A million here, a million there
Sicilian bitch with long hair, with coke in her derriere
Like smoke in the thinnest air
I open the Lamborghini
Hopin’ them crackers see me like, “Look at that bastard Weezy.”

Here, he flaunts the fact that even millions are of no importance to him. He’d just as easily spend such riches on wining and dining women of questionable integrity as do anything fun with it. Indeed, he flies in the face of the white aristocracy, driving expensive cars so as to indicate to them that their plan to turn the world into one global capitalist village shall not go unquestioned. “That bastard Weezy” is out there fighting for all of us.

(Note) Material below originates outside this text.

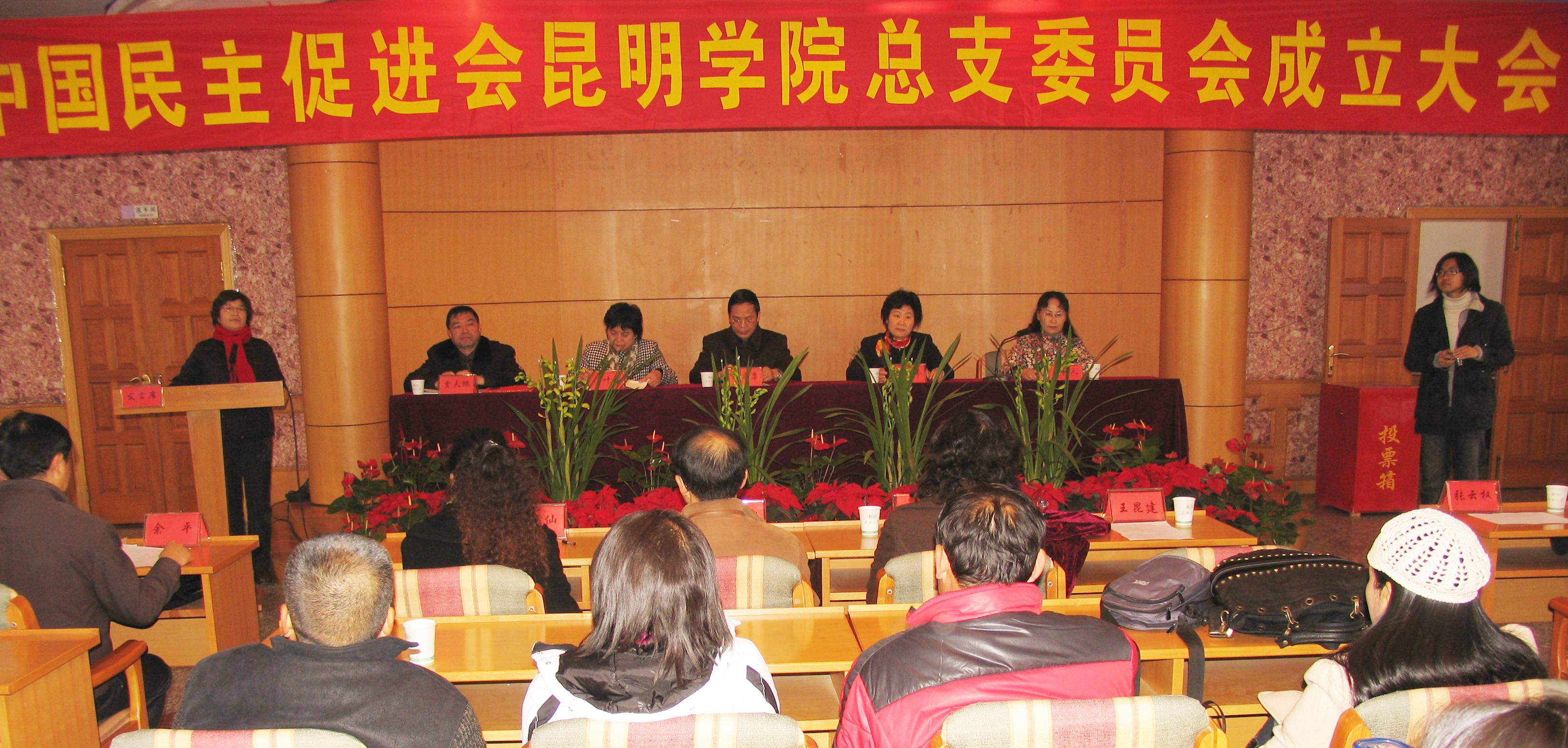 在民进云南省委、昆明市委的领导和beat365官方网站党委的指导下,在民进beat365官方网站全体会员的努力下,2008年12月6日,民进beat365官方网站第一届总支委员会成立大会胜利召开。出席大会我院应到会员70余人,实到会与委托投票会员61人。应邀出席成立大会的来宾有民进省委副主委陈友康、中共昆明市委统战部副部长贾天鹏、中共beat365官方网站党委副书记李媛芬及统战部负责人,beat365官方网站民革、民盟、致公党、九三学社的代表也应邀出席了大会。

ABOVE: Wayne's comment on fetishism: Man juxtaposed with commodity.

Perhaps Wayne’s goals are best summarized by his anthem, “I Cant Feel My Face.” In this offering, Wayne interrogates the role of facades, those masks we are forced to put on in order to feel socially acceptable. When commodity fetishism and hyperreality are all there is, who among us, if we are to be honest, can really feel his face? ABOVE: Lil Wayne makes sure his face is still there.

Few among us, I think, could so eloquently express what we all feel:

I aint gotta lie I'm just tryin to be with me
bitches up in heaven waitin on me to die to be with me
I'm crazy for being wayne, no is wayne just crazy,
I've been around, I'm still around like the geicko cavemen
hairpin trigga know I won't shave it
I spot hip hop in the ocean I'm gon save it

We are that hip hop, afloat on a sea of broken promises. DeWayne Carter has jumped bravely into the brink to rescue us from the foamy brine. Ralph Waldo Emerson once wrote that “To be great is to be misunderstood.” This must be the only reason that Lil Wayne has not before now been sufficiently honored. Kudos, Lil. Would that we all could exhibit the powerful predatory skills of a seasoned hunter like yourself. Welcome to the House of Pred.